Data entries
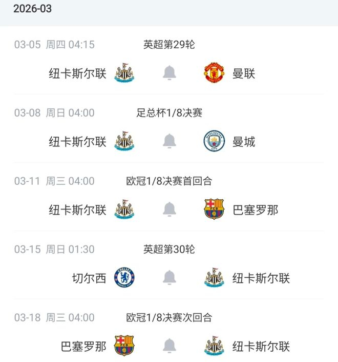 纽卡两眼一黑?3月迎地狱赛程!14天5战连踢曼联曼城+巴萨切尔西
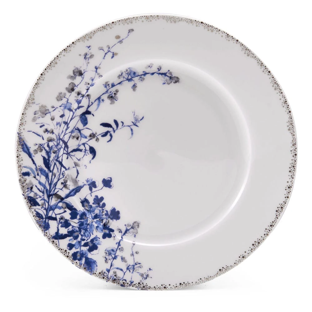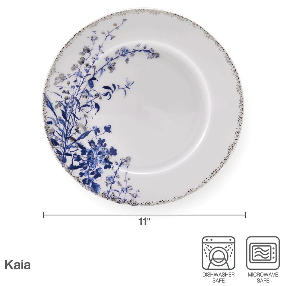 This Kaia Platinum Set of 4 Dinner Plates feature a crisp white background, adorned with a vibrant blue floral pattern climbing up the side of the plate, with a striking platinum dotted band that borders the rim, and will add a touch of elegance and sophistication to your table.
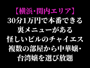 4/5~営業確認【横浜・関内エリア】30分1万円で本番できる裏メニューがある怪しいビルのチャイエス 複数の部屋から中華嬢・台湾嬢を選び放題
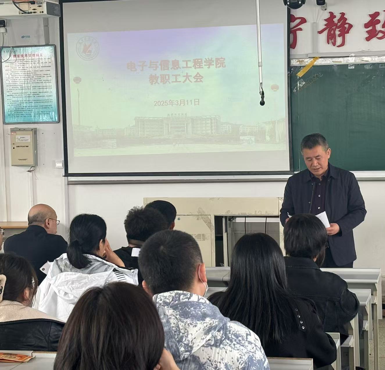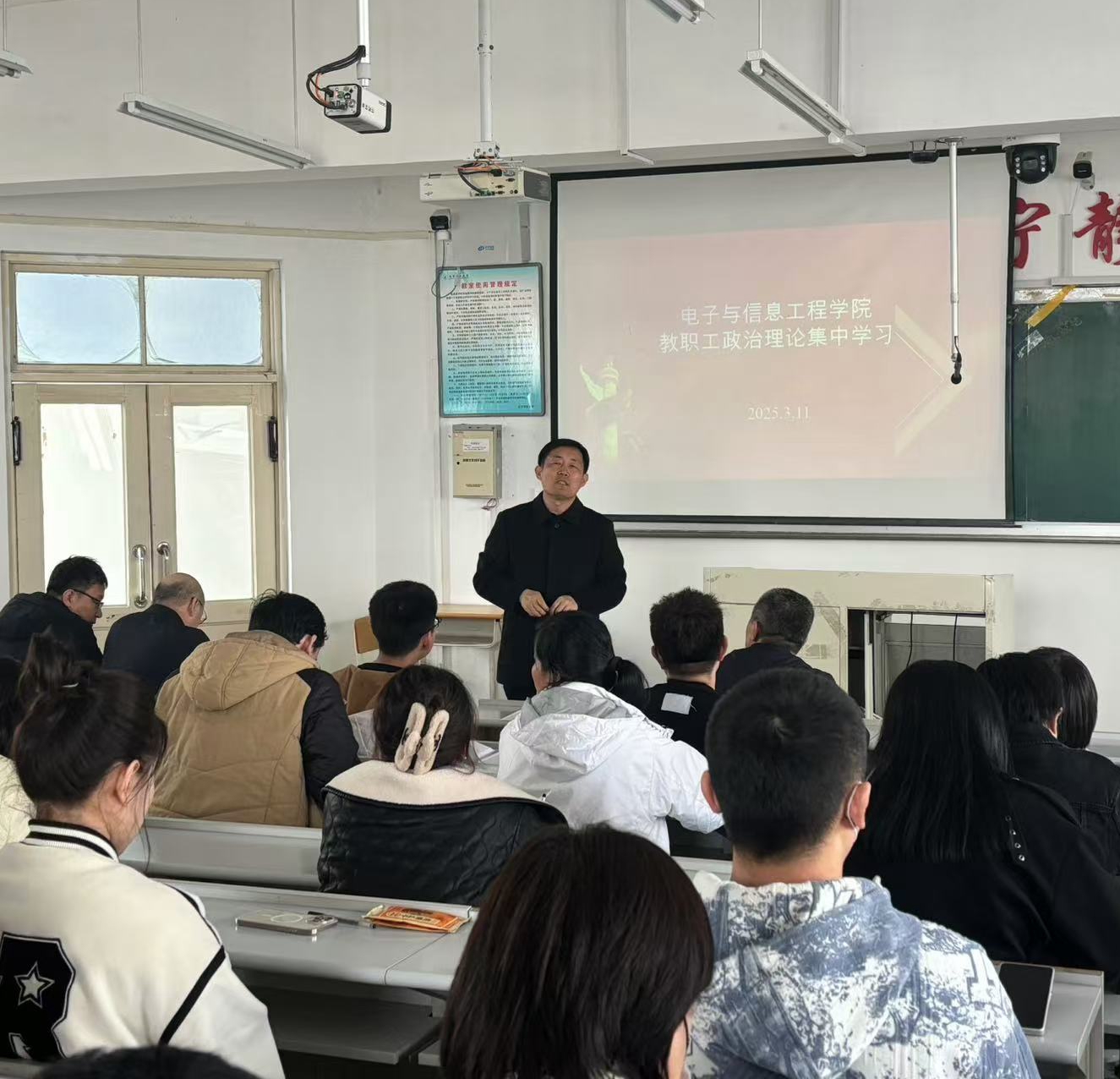 2025年3月11日下午,电信学院召开了教职工大会暨政治理论集中学习会。会议由学院党委书记王会立主持。
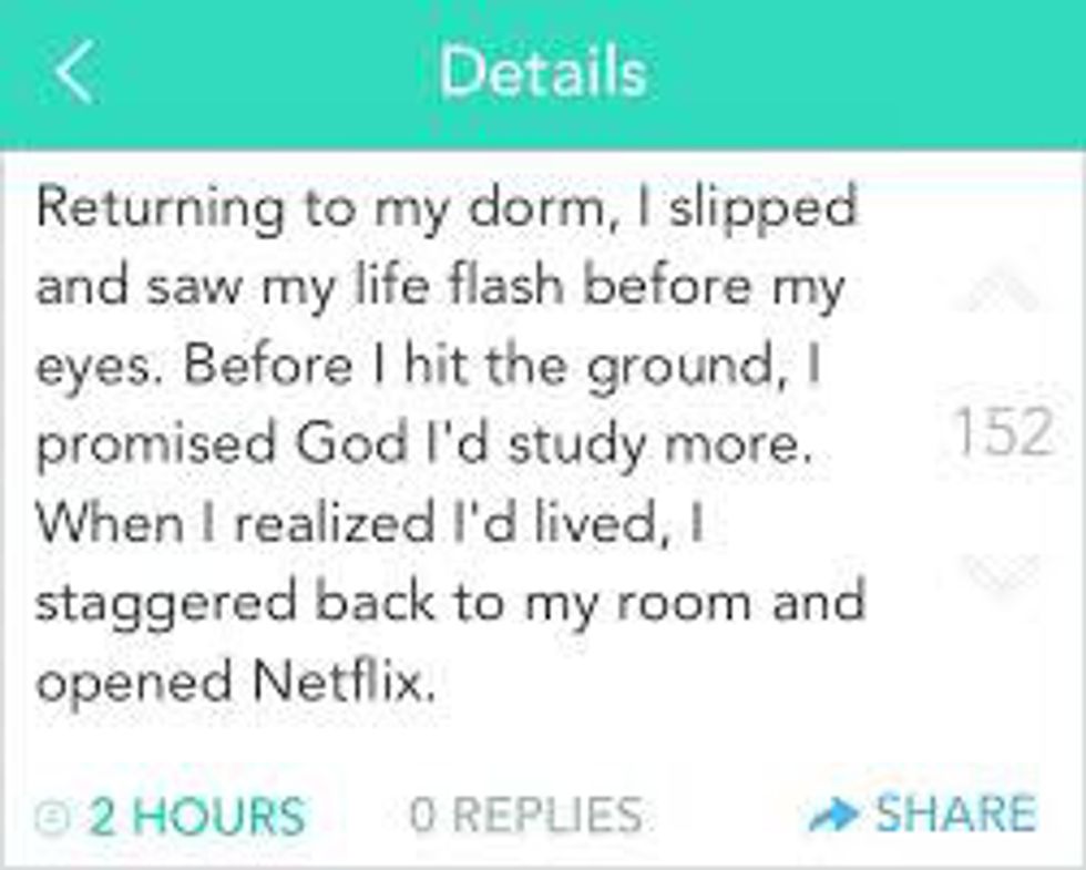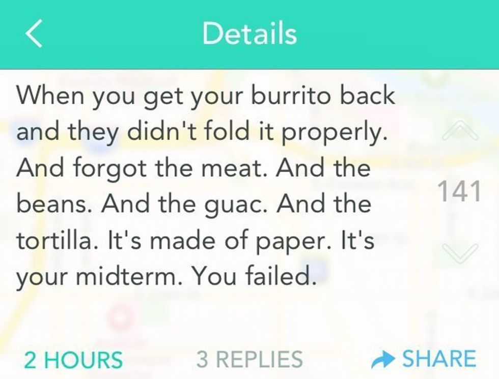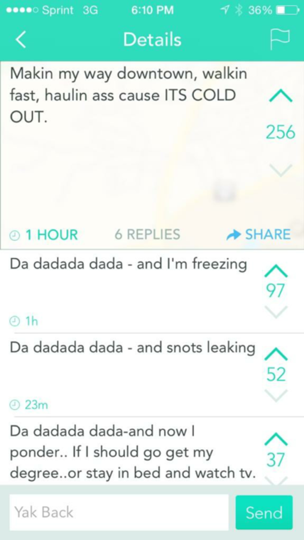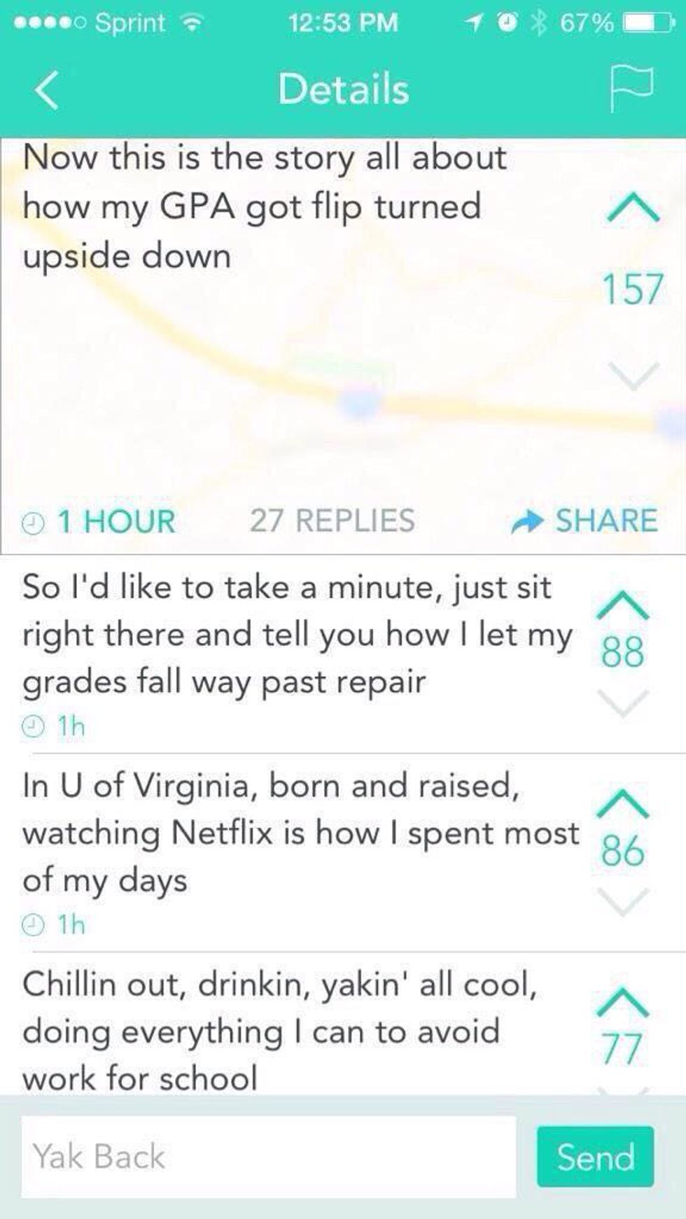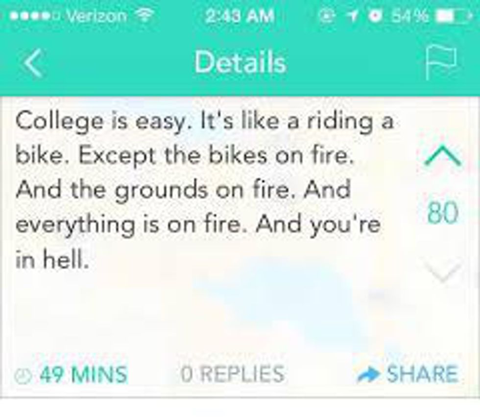 Yik Yak is an app that is gaining popularity on campuses everywhere. Users can post anonymously, and it's usually something hilarious. Here's just a few Yik Yaks that any college student can relate to.
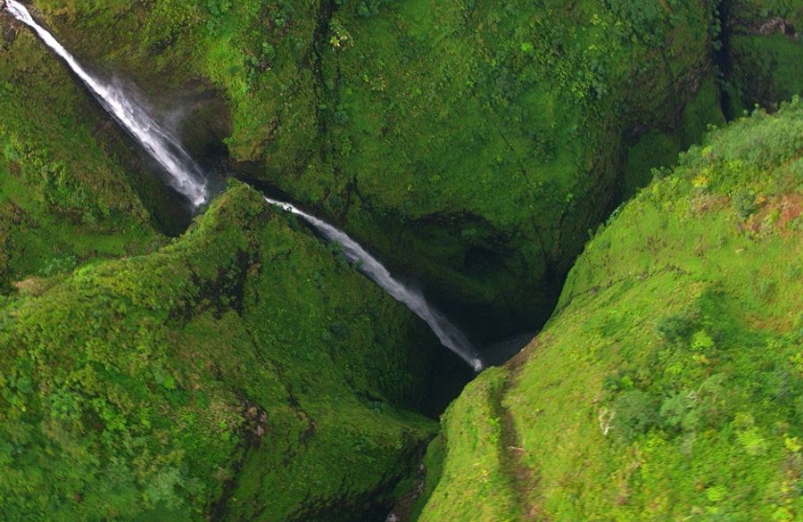 Halfway through the flight, you’ll pass over the famed Kualoa Ranch, known for its role in Jurassic Park. Excitement builds as you begin your graceful descent to commence your 15 minute stay inside an undisclosed, private and lush oasis, away from the crowds and tourist attractions. Your visit here includes Waialua chocolates, a champagne toast, leis and memories that will last a lifetime. Rising back into the blue sky, your helicopter takes you to explore the lush forests and emerald cliffs of the awe-inspiring Ka’a’awa Valley and fly in close for a view of Oahu’s highest waterfall, Sacred Falls.

* **Work required**
Repeat all of the records verbatim, leaving out the pictures.

* **Answer to the exercise**
 纽卡两眼一黑?3月迎地狱赛程!14天5战连踢曼联曼城+巴萨切尔西
 This Kaia Platinum Set of 4 Dinner Plates feature a crisp white background, adorned with a vibrant blue floral pattern climbing up the side of the plate, with a striking platinum dotted band that borders the rim, and will add a touch of elegance and sophistication to your table.
 4/5~営業確認【横浜・関内エリア】30分1万円で本番できる裏メニューがある怪しいビルのチャイエス 複数の部屋から中華嬢・台湾嬢を選び放題
 2025年3月11日下午,电信学院召开了教职工大会暨政治理论集中学习会。会议由学院党委书记王会立主持。
 Yik Yak is an app that is gaining popularity on campuses everywhere. Users can post anonymously, and it's usually something hilarious. Here's just a few Yik Yaks that any college student can relate to.
 Halfway through the flight, you’ll pass over the famed Kualoa Ranch, known for its role in Jurassic Park. Excitement builds as you begin your graceful descent to commence your 15 minute stay inside an undisclosed, private and lush oasis, away from the crowds and tourist attractions. Your visit here includes Waialua chocolates, a champagne toast, leis and memories that will last a lifetime. Rising back into the blue sky, your helicopter takes you to explore the lush forests and emerald cliffs of the awe-inspiring Ka’a’awa Valley and fly in close for a view of Oahu’s highest waterfall, Sacred Falls.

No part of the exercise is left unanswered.